Among the solutions for dealing with the mortgage crisis is a government-imposed moratorium on foreclosures. Lost in all the discussion is the principle of sanctity of contracts.
When two sides voluntarily enter into a contract for a loan, then they should be expected to comply with its terms. That’s what a contract is all about. In loan contracts, the lender lends money to the borrower to assist him in buying his house. To secure payment of the loan, the lender takes collateral, which in most cases is the house that is being purchased. The loan agreement expressly gives the lender the right to a non-judicial foreclosure proceeding in which he can force a public sale of the house to get back the money he has loaned the borrower. Both sides agree in the contract that if the sale brings in less money than is owed, the borrower will be responsible for the deficiency.
Given that the borrower has voluntarily agreed to the terms of the contract, why should the government have the authority to interfere with enforcement of the contract? Why shouldn’t the lender have the right to enforce the contract pursuant to its terms?
Advocates of government intervention argue that it’s unfair, unjust, or inequitable for a person to be evicted from his home. But the fact is that he agreed to the terms of the contract when he signed it. What’s unfair, unjust, or inequitable about enforcing the terms of a contract that a person has voluntarily signed?
In fact, what’s noteworthy about those who call for intervention is that they always advocate government force to help the borrower. There is another alternative. The interventionists could use their own money or money raised from others to pay off the mortgage of people who have defaulted on their loans.
Of course, that would entail taking personal responsibility for one’s beliefs by using one’s own money to solve the problem. It’s far easier simply to run to the government and use force to interfere with the terms of a contract voluntarily entered into by the lender and borrower.
The Framers of the Constitution were not unaware of the propensity of people to use government force to interfere with the sanctity of contracts. That’s why they imposed an express restriction on the power of the states to interfere with contracts: “No State shall … pass any … Law impairing the Obligation of Contracts….” It’s also why they failed to delegate any power to impair contracts to the federal government.
Our ancestors understood the justice of enforcing contracts. They also understood the concept of responsibility. When people know that their contracts are going to be enforced, they tend to read them and make themselves aware of the risks involved in signing them. When people think that government will relieve them of the obligations set forth in contracts, they tend toward behaving foolishly and irresponsibly.
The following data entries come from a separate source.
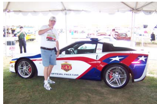
Wish I had. www.carsatcarlisle.com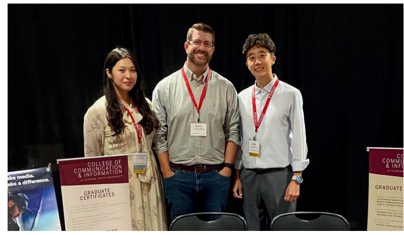
CCI students, faculty, and staff traveled to Philadelphia to present at the AEJMC conference.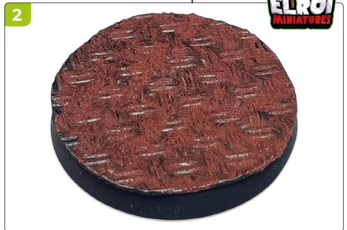
2. Capa de Dark Oxide Rust.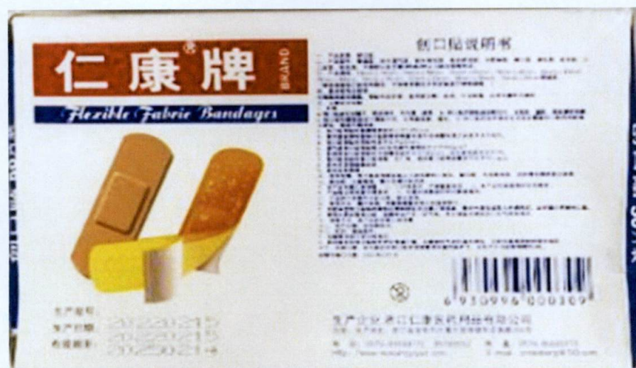
Figure 1. Unnotified Flexible Fabric Bandage (in Foreign Characters) – Zhejiang Renkang Medical Products Co. Ltd.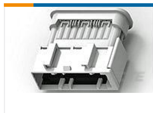
TE Part #282278-1 TAB CONN KIT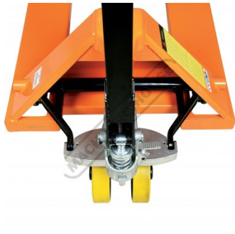
Rear Frame with Extra Cross Members for Additional Strength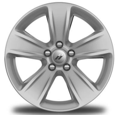
18x7.5-inch Satin Carbon Aluminum Wheels Sales code: WK1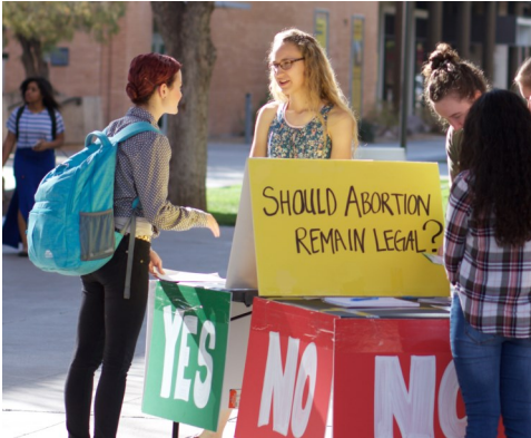
Arizona State University, February 2017

During the Great Depression, the state of Minnesota enacted a Mortgage Moratorium Law. The law was upheld by the Supreme Court in the case of Home Building & Loan Assn. v. Blaisdell, but the four dissenters had the better of the argument. The dissenters were the “Four Horsemen,” the four Supreme Court justices who were declaring much of Roosevelt’s New Deal in violation of the Constitution. Writing for the dissent and having pointed out that an emergency does not give rise to governmental powers that don’t exist, Justice Sutherland put it succinctly:
“I quite agree with the opinion of the court that whether the legislation under review is wise or unwise is a matter with which we have nothing to do. Whether it is likely to work well or work ill presents a question entirely irrelevant to the issue. The only legitimate inquiry we can make is whether it is constitutional. If it is not, its virtues, if it have any, cannot save it; if it is, its faults cannot be invoked to accomplish its destruction. If the provisions of the Constitution be not upheld when they pinch, as well as when they comfort, they may as well be abandoned. Being unable to reach any other conclusion than that the Minnesota statute infringes the constitutional restriction under review, I have no choice but to say so.”